Program: GN-2022B-Q-123

Title:Establishing the Euclid and Roman space telescopes' absolute flux calibration systems
PI:Phil Appleton
Co-I(s): Mischa Schirmer, Susana Deustua, Kerry Paterson, Blair Porterfield, James W. Colbert, Daniel Masters, Stefano Casertano, Marco Scodeggio, Jeffrey W. Kruk, Daniel Scolnic, Armus Lee, Ranga-Ram Chary, Harry I. Teplitz, Sangeeta Malhotra, Ralph C. Bohlin, Yannick Copin, Daniel K. Stern

Abstract

The Euclid space telescope will survey 15000 square degrees of extragalactic sky. Using weak gravitational lensing and galaxy clustering as cosmological probes, Euclid will address fundamental questions about the accelerated expansion of the Universe, dark matter, and the validity of General Relativity on cosmological scales.
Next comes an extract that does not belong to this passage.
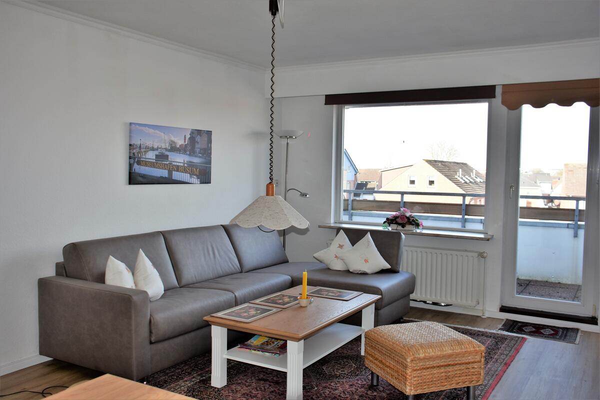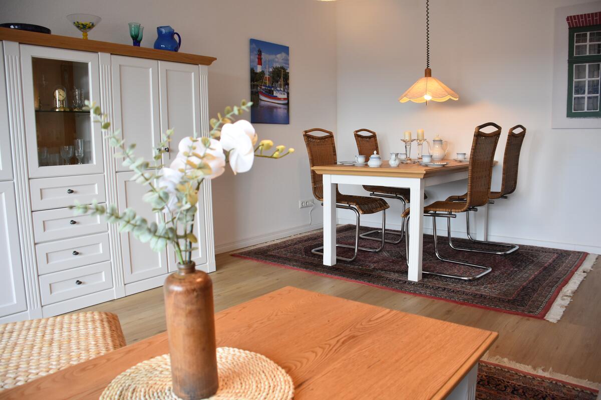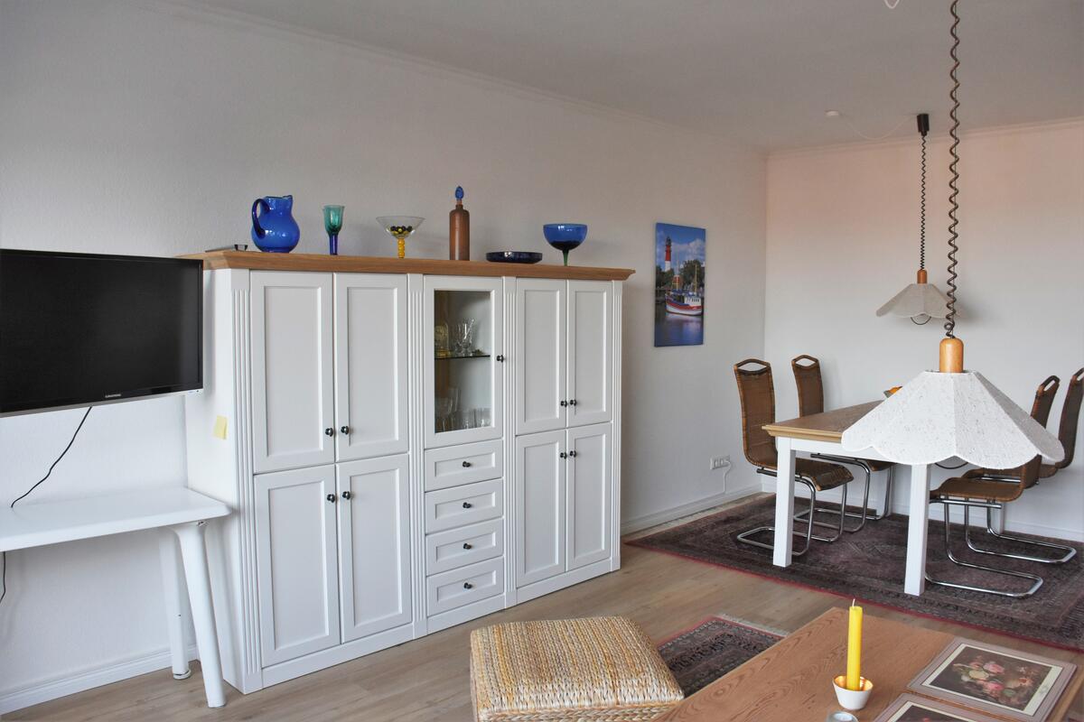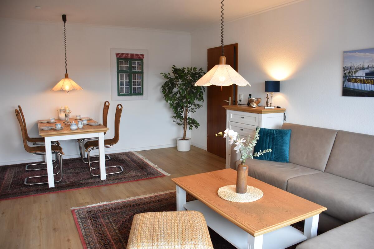 Die ausziehbare Couchgarnitur im Wohnzimmer bietet Schlafplatz für die 3. und 4. Person. Selbstverständlich verfügt die Wohnung über Kabelfernsehen. Im Wohnzimmer befindet sich zudem ein Esstisch mit Stühlen.
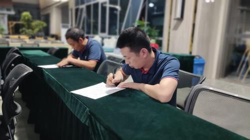 考场上,各安全管理人专心做题,由于事先复习充分,相当多的参试人对此次考试信心十足,认真解答。

A few years later, the Nancy Grace Roman space telescope will conduct - among others - a cosmological survey over 2000 square degrees to greater depth. The joint legacy value of both missions is tremendous. Their spectro-photometric flux calibration will be based on six White Dwarf standard stars, and a very red extragalctic source. The aim of this proposal is to obtain time series photometry for all six White Dwarfs to rule out variability on short- and long time scales. We also need to measure the SED of the red spectrophotometric source, obtain its redshift, and identify any AGN signatures.